- **The task**: Two lines below mark the span: the one containing "Affittasi per Agosto" and the one containing "Итак, секрет прозрачного". Set down both, plus every line between, exactly as they stand, and nothing else.

- **Records for the task**:
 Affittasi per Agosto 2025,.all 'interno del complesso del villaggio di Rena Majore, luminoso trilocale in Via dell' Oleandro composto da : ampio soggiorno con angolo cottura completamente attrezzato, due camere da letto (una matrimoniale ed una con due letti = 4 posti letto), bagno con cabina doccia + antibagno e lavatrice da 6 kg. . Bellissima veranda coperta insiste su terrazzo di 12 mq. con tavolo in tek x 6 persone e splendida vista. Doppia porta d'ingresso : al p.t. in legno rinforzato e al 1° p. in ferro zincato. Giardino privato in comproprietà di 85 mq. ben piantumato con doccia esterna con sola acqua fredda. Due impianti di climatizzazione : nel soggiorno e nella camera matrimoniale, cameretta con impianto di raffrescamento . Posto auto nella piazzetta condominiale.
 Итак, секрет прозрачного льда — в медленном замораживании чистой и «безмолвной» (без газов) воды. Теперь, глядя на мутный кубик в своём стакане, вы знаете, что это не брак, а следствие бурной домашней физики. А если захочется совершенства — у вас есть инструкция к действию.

---

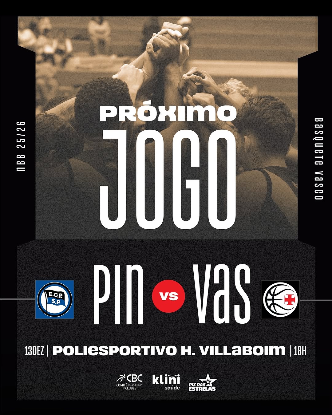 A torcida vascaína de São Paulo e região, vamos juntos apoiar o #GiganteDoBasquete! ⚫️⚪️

- **Exercise response**:
 Affittasi per Agosto 2025,.all 'interno del complesso del villaggio di Rena Majore, luminoso trilocale in Via dell' Oleandro composto da : ampio soggiorno con angolo cottura completamente attrezzato, due camere da letto (una matrimoniale ed una con due letti = 4 posti letto), bagno con cabina doccia + antibagno e lavatrice da 6 kg. . Bellissima veranda coperta insiste su terrazzo di 12 mq. con tavolo in tek x 6 persone e splendida vista. Doppia porta d'ingresso : al p.t. in legno rinforzato e al 1° p. in ferro zincato. Giardino privato in comproprietà di 85 mq. ben piantumato con doccia esterna con sola acqua fredda. Due impianti di climatizzazione : nel soggiorno e nella camera matrimoniale, cameretta con impianto di raffrescamento . Posto auto nella piazzetta condominiale.
 Итак, секрет прозрачного льда — в медленном замораживании чистой и «безмолвной» (без газов) воды. Теперь, глядя на мутный кубик в своём стакане, вы знаете, что это не брак, а следствие бурной домашней физики. А если захочется совершенства — у вас есть инструкция к действию.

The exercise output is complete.